The increased tissue MDA, conjugated dienes and nitric oxide concentrations in animals fed cholesterol-based diet alone in this study could be attributed to augmentation in the rate of cellular lipid peroxidation due to high fat (cholesterol) in the diet. This assertion is further reimbursed by the fact that xanthine oxidase activity was higher in rats fed cholesterol diet without supplementation compared to rats fed ORO and vitamin E supplemented diets. Xanthine oxidase has been demonstrated to be a primary source of superoxide radical (Gomez-Cabrera et al., 2005). MDA and conjugated dienes are established markers of lipid peroxidation while nitric oxide through its free radical activity is capable of interacting with cellular components such proteins, DNA, and lipids within the cell in a process known as nitrosative stress leading to cytotoxicity (Chang, Liao and Kuo, 2001). Thus, the reduction in tissue MDA, conjugated diene and nitric oxide levels in rats fed ORO and vitamin E supplemented diets in this study is beneficial and could give an indication of an anti-oxidative potential of ORO. The antioxidant activity of vitamin E is well established in literature (Niki et al., 1985; Traber and Atkinson, 2007). In this study, ORO demonstrated a similar effect on tissue MDA, conjugated diene and nitric oxide concentrations to vitamin E showing that its potential antioxidant effect could be comparable to that of vitamin E.

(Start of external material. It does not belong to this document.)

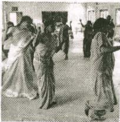
தென்மராட்சி வலய ஆபிரியர்களுக்கான சிறுவர் அரங்க களப்பயிற்சி

(10ஆம் பக்கத் தொடர்ச்சி) தனை. இதனால், களப்பயிற்சியில் பங்கு பற்றும் ஆசிரியர் இரண்டு தள நிலையிலும் தன்னை நிறுத்தவார். சிக்கல்களையும் சமரசமான நிலைமைகளையும் புரிந்து கொள்வார். செயற்படுவதால், பயிற்சியின் முழுச் செயற்பாடுகளையும் அவரால் சிறப்பாக உள்வாங்க முடியும். இந்தப் படிமுறையில் பல ஆசிரியர்கள் தங்களுடம் காணப்பட்ட பயம், சனபக் கூச்சம், பேசுவதில் இருந்த தடங்கல், உணர்வு வெளிப்பாடுத் தடங்கல் என்பன நீங்கியதாகச் சொன்னார்கள். தங்களில் அதிக நம்பிக்கை உடையவர்களாக சிறுவர்களைப் புரிந்து கொள்ளும் மனநிலையைப் பெற்றவர்களாக இருப்பதாக உணர்ந்தார்கள்.

An important mechanism of action of oxidative stress is via enhanced generation of ROS and/or RNS, which most often form conjugates or adducts with cellular components such as DNA, membrane lipids, proteins and carbohydrates. Thus, the increased serum and lung xanthine oxidase activities observed in rats fed cholesterol diet without supplementation could provide a justification that the pro-oxidant effect of dietary cholesterol could involve its effect on xanthine oxidase activity. In the coronary artery of hypercholesterolemic individuals, NADPH oxidases and xanthine oxidase have been reported to be the major sources of superoxide radicals. However, these reactive oxygen species in the cells are neutralized by cellular antioxidant defense system including GSH, CAT, and SOD. Thus, oxidative stress is the resultant effect of a disequilibrium between cellular oxidants versus antioxidants (Oluba, 2019). Several studies have shown that alteration of antioxidant enzyme activities in different kinds of stress was associated with a depletion of GSH, CAT and SOD and an increase of lipid peroxidation, all of which can lead to oxidative stress and finally cell death (Bouayed and Bohn, 2010). Overexpression of the peroxisomal enzyme, catalase which catalyzes the reduction of hydrogen peroxide to water and molecular oxygen have been shown to reduce atherosclerosis in highfat fed rats (Yang et al., 2009). Results from the present study showed that ORO could act to normalize the attendant depletion of cellular antioxidant molecules when fed as a supplement to a cholesterol-based diet.